Il problema interessante è come realizzare l’apertura della pubblica amministrazione italiana, superandone le inevitabili resistenze. Semplificando al massimo, consideriamo due possibilità: una strategia top-down, imperniata sulla produzione di norme e linee guida, e una bottom-up, imperniata sulla costruzione di capacity nelle varie amministrazioni non solo dello Stato, ma anche e soprattutto delle Regioni.

La strategia top-down consiste nel costituire un forte nucleo tecnico per l’Open Government presso il Dipartimento per l’innovazione.

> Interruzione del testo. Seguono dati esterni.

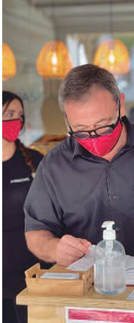
Menús para llevar

Questo nucleo scrive regole che impongono l’adozione di pratiche di trasparenza radicale e collaborazione con i cittadini; e produce strumenti perché le altre amministrazioni possano incamminarsi su questo percorso (per esempio linee guida, definizioni, allegati tecnici). Se ha successo, questa strategia costruisce una nuova istituzione al centro, che sa fare open government.

La strategia bottom-up consiste nell’infiltrare l’agire delle diverse amministrazioni dello Stato e delle Regioni di progetti e politiche aperte e trasparente. L’obiettivo non è accentrare le competenze, ma piuttosto decentrarle; e non è strutturare l’apertura e la trasparenza come una specie di aggiunta a valle del modo normale di costruire policies, ma piuttosto incorporarle in tutto il ciclo di vita delle policies stesse, dalla progettazione alla valutazione ex post. Se ha successo, questa strategia costruisce, nelle istituzioni esistenti, nuova capacità di fare in modo aperto pubblica istruzione, sanità, infrastrutture, e così via.

È chiaro che le due strategie non sono alternative, ma complementari. Servono strumenti nazionali: per esempio, ci vuole un Freedom of Information Act italiano, una garanzia di trasparenza di ultima istanza, e questo non si può fare che dal centro. Ma io credo che la strategia che ho chiamato bottom-up dovrebbe essere quella principale. La ragione è questa: un nucleo tecnico che “possiede” l’open government rischia di essere vissuto con fastidio dalle amministrazioni operative; e queste possono fare fallire le politiche di governo aperto semplicemente non cooperando, o considerandole come un adempimento, un dovere burocratico. Sarebbe un disastro. Ascolto e collaborazione non si possono fare controvoglia. Il governo aperto per forza si capovolgerebbe in una triste mascherata.

Un consiglio non richiesto a Profumo: ministro, resista alla tentazione di concentrare le intelligenze intorno a sé. Promuova piuttosto una comunità di pratica degli amministratori italiani che fanno governo aperto; organizzi una conferenza annuale, rilanci Innovatori PA, apra canali per mandare i funzionari desiderosi di imparare a lavorare un anno con le amministrazioni all’avanguardia mondiale in questo capo; usi l’autorevolezza della sua delega per premiare chi fa bene, a qualunque livello; apra spazi per la società civile. Non crei un altro silo verticalmente separato dagli altri; lasci piuttosto che gli uomini e le donne dell’open government stiano in trincea, dove le politiche pubbliche vengono fatte davvero e non solo dibattute o valutate. Cerchi, insomma, di stimolare la domanda di apertura da parte delle amministrazioni operative, piuttosto che imporgliela. Si rischia che il risultato sia la solita situazione “a macchia di leopardo” italiana, con alcune amministrazioni all’avanguardia e altre no. Ma tutto sommato, meglio questo che una mancanza di trasparenza uniforme.